Comment by tomrod 3 days ago

3 replies

It wasn't received as right-wing propaganda at the time. Endorsed by Bill Gates and others less-informed to education research with leanings towards the left.

But it is definitely anti-education and proposes solutions that aren't justified, like the right-wing-aligned push for chartered schools (which tend to be religious in nature, hence the wholesale gobbling for it by the rightwing).

Stanford studies in 2009 & 2013 put the fork in superior performance claims -- no better and no worse than public schools on average. So the charter school miracle is really just cherrypicking with a side of encouraging (or, if malicious, enforcing) segregation (since poorer people both tend to be minorities and tend to not have capacity/time to jump through lottery hoops). With careful planning and policy structure, perhaps good charter schools could overcome their entrance bias (RIP college entrance for either economic class or historically disparaged category), but good luck getting anything like that from the political minds that brought you DOGE and the nonsensical trade war.

matthewowen 3 days ago

> segregation (since poorer people both tend to be minorities and tend to not have capacity/time to jump through lottery hoops)

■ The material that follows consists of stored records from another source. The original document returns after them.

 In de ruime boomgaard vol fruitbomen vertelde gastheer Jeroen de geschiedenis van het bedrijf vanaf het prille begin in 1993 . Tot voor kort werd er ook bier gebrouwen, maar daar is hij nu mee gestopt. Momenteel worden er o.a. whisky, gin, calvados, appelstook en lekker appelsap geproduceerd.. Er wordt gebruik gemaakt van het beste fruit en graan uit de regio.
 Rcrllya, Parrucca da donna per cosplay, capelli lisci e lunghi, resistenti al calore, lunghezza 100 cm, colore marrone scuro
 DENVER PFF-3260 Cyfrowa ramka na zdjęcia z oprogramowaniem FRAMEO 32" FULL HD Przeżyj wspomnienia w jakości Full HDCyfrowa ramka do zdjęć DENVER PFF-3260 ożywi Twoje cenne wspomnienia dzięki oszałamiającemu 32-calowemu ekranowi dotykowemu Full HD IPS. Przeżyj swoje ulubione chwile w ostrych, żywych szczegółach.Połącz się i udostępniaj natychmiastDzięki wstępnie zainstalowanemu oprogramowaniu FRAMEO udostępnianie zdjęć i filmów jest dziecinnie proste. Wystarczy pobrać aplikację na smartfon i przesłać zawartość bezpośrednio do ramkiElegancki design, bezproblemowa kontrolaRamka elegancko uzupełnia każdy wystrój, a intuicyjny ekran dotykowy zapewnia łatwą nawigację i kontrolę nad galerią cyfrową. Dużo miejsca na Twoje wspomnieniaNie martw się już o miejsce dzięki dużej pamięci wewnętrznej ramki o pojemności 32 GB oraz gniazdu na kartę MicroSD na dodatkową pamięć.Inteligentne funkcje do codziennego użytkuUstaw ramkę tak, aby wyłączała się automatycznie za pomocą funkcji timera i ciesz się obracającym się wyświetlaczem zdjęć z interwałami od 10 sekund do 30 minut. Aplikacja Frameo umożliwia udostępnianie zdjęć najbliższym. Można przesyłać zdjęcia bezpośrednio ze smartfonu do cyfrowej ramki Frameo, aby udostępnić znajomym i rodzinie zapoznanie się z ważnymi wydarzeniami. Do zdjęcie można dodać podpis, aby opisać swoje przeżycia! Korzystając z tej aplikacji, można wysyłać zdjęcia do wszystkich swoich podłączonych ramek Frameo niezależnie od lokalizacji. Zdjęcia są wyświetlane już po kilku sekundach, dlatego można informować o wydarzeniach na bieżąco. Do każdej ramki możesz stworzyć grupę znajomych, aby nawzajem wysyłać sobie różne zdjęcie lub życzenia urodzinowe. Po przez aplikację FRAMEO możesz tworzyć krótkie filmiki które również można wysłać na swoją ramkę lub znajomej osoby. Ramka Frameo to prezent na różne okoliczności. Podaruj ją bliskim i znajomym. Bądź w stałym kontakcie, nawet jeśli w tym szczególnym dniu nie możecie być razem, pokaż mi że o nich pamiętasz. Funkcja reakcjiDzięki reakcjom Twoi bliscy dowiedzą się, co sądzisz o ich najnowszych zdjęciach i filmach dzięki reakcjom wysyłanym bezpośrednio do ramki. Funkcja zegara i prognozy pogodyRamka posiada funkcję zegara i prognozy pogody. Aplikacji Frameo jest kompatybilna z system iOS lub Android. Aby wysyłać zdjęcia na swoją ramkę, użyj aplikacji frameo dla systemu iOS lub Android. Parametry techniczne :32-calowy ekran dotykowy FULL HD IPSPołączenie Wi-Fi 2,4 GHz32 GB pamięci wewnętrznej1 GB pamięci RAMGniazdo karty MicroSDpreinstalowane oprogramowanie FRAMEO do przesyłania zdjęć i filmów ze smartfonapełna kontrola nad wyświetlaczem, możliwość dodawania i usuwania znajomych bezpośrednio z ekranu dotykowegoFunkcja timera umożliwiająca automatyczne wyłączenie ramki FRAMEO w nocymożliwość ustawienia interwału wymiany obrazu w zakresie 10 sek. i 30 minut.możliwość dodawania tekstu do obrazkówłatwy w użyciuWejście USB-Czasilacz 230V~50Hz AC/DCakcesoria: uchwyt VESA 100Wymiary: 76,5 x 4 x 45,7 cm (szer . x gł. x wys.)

charter schools tend to have _more_ minority students than public schools. eg in philadelphia, charter schools are 80% black/hispanic versus 71% for the public schools. nationwide they are 60% black/hispanic vs 42% for public schools (https://www.pewresearch.org/short-reads/2024/06/06/us-public...). they're also generally lower income than public schools.

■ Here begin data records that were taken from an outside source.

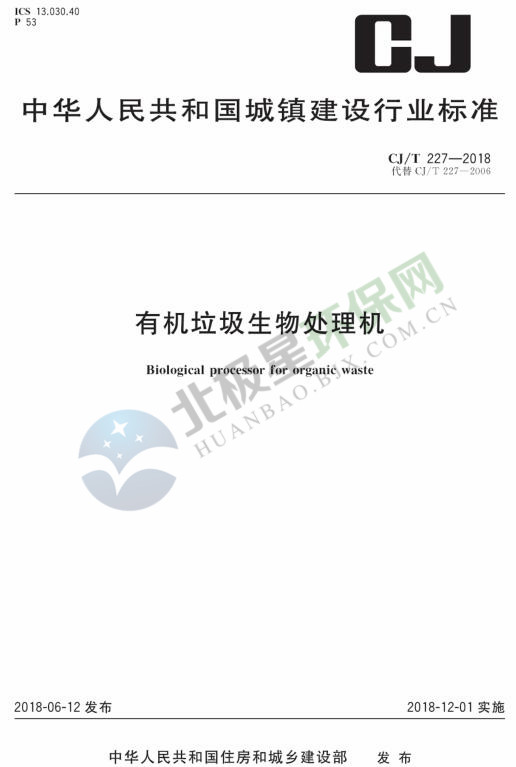 日前,住建部發(fā)布了行業(yè)產(chǎn)品標(biāo)準(zhǔn) 《有機垃圾生物處理機》,詳情如下:住房城鄉(xiāng)建設(shè)部關(guān)于發(fā)布行業(yè)產(chǎn)品標(biāo)準(zhǔn)《有機垃圾生物處理機》的公告 現(xiàn)批準(zhǔn)《有機垃圾生物處理機》為城鎮(zhèn)建設(shè)行業(yè)產(chǎn)品標(biāo)準(zhǔn),編號為CJ/T227-2018,自2018年12月1日起實施。原《垃圾生化處理機》CJ/T227-2006同時廢止。本...
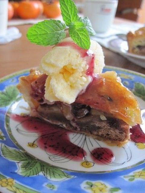 温めたアップルパイにアイスクリーム。そしてブルーベリーソースなんて、素敵過ぎます(*^_^*)♪
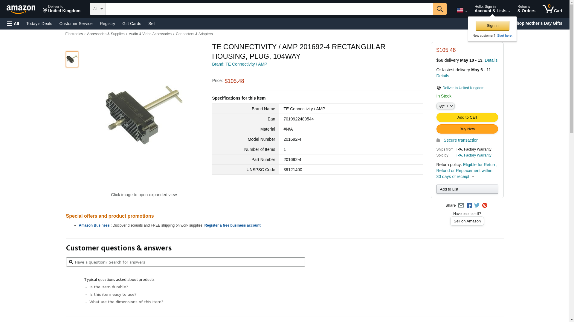 | Feature | TE CONNECTIVITY / AMP 201692-4 RECTANGULAR HOUSING, PLUG, 104WAY |
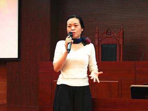 接着就是杨斌的现场演讲。她列举了在办案过程中对其影响较大的几个瞬间。在讲述自己90年代办理一个大学毕业生盗窃公司财物案件时,她后悔自己在当初没有做得更多,因为一个判决的生效意味着这将改变这个年轻人的一生。在不断地反思中,杨斌也从办案初期人称花都检察院最“冷酷无情”的检察官向有“温度”的检察官转变。在如今的办案过程中,她更加地注重细节和背后的社会背景。她讲到:“当接触到越来越多的刑事案件和社会现实,你会越发产生一种悲悯。”正是由于感觉到个人力量越来越有限,杨斌就萌发了发起“天祥”关爱计划的念头。她希望更多的同学能积极参与到这个计划去当志愿者。
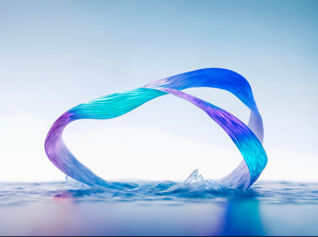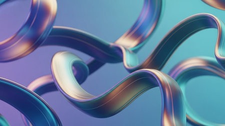 Metallic showing iridescent twisted ribbons with metallic sheen on a soft blue and purple gradient background. resolution
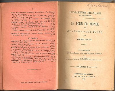 alle 3 titler er nævnt. Det betyder, at alle 3 har kunnet købes i 1902. ![]() "Le Tour du Monde en 80 Jours" Velhagen & Klasing, Bielefeld und

this is not super surprising because families with money already get school selection within public systems by virtue of spending more to live in better catchments.

i don't really have an opinion on charter schools being good or bad, but at least from what i've seen their primary audience is lower income families (often minorities) who look at their local public school and decide it's not good enough.

  • tomrod 3 days ago

    Aye. This is captured in the next sentence, perhaps the phrasing was not clear:

    > With careful planning and policy structure, perhaps good charter schools could overcome their entrance bias

    It is good when they do, and it is easy to go awry.